* RECORDS TO USE:
Start of Block

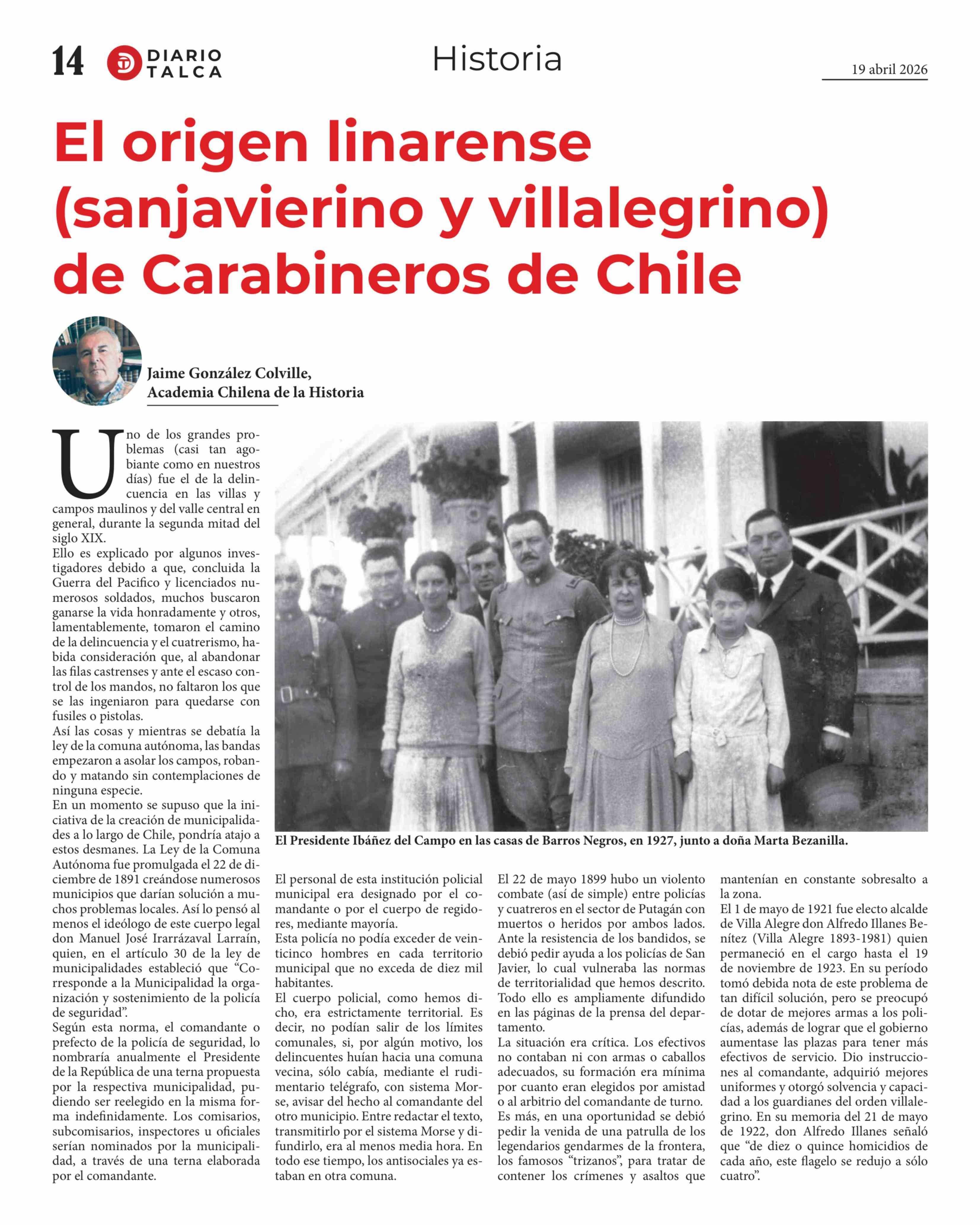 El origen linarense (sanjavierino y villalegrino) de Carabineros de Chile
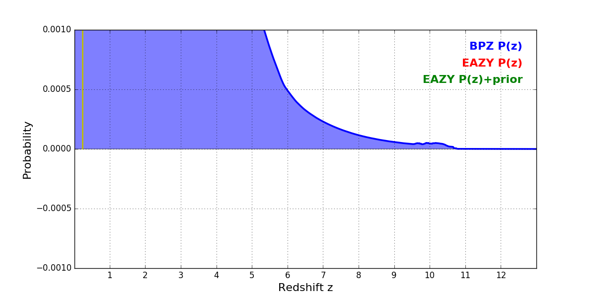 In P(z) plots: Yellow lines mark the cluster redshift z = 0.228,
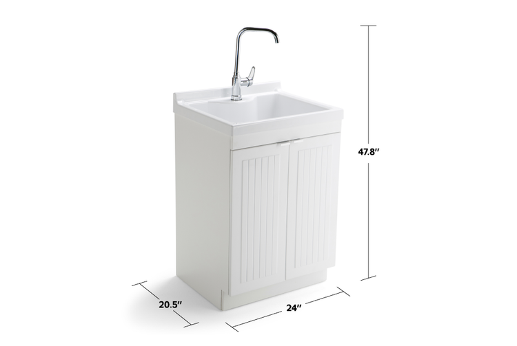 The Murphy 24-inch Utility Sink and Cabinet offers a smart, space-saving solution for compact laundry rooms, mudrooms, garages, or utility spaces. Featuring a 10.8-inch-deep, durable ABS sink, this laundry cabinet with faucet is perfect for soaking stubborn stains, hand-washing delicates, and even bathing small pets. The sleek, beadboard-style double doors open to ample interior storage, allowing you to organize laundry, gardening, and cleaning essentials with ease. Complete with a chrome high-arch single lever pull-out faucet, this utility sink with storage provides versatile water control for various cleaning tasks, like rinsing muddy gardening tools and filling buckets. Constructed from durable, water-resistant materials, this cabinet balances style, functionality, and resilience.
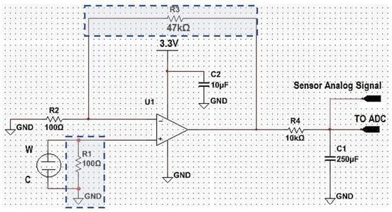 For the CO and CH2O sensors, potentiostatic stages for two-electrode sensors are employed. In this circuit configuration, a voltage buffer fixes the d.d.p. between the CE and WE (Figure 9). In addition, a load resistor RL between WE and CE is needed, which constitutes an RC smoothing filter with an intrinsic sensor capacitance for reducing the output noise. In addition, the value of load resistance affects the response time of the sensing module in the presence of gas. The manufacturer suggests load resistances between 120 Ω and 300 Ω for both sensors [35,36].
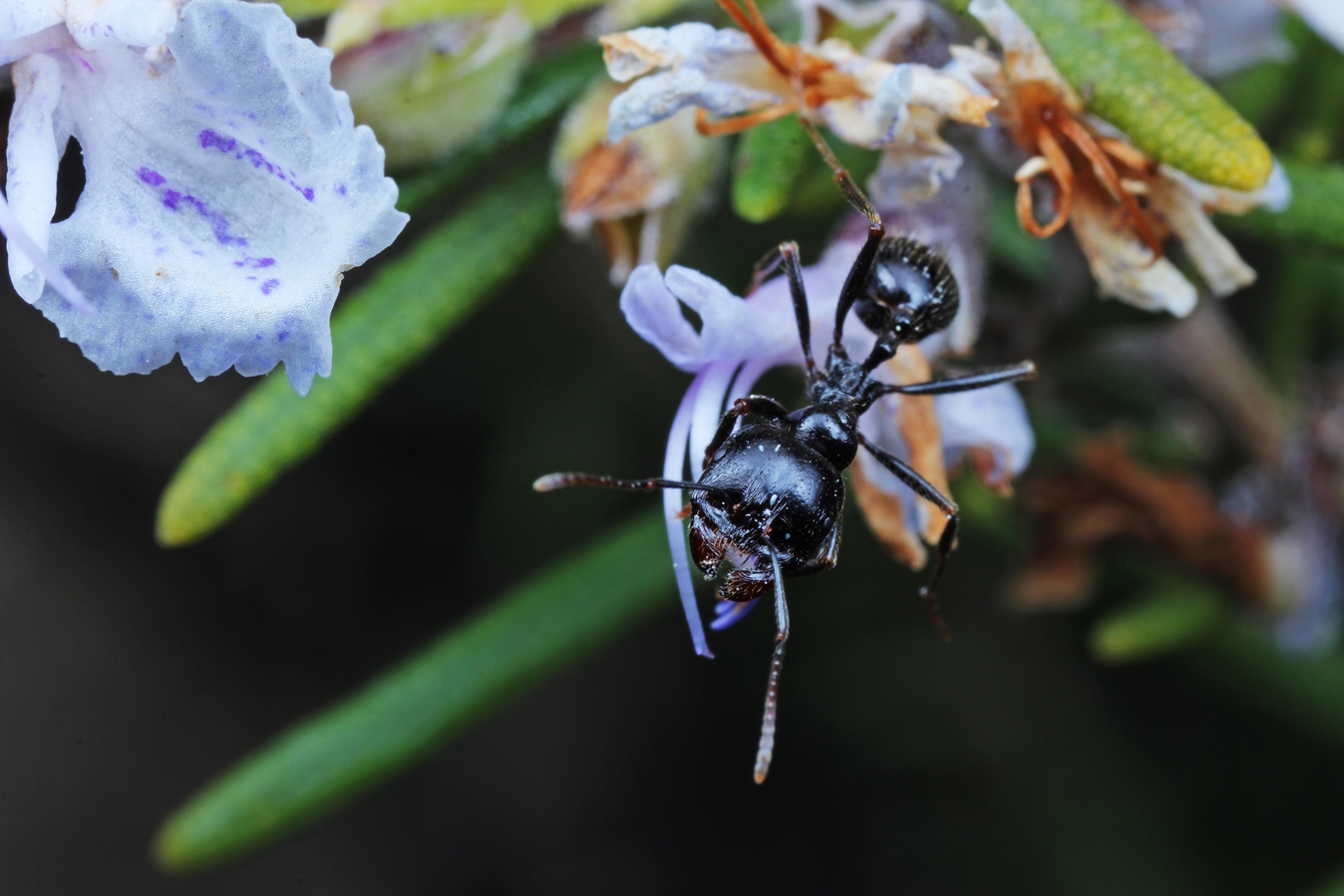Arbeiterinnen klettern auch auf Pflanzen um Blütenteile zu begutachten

End of Block

* YOUR GOAL: Output must match the lines from the start of the records above through the line that contains "In P(z) plots: Yellow", exactly and with every picture removed.

* TASK RESPONSE:
 El origen linarense (sanjavierino y villalegrino) de Carabineros de Chile
 In P(z) plots: Yellow lines mark the cluster redshift z = 0.228,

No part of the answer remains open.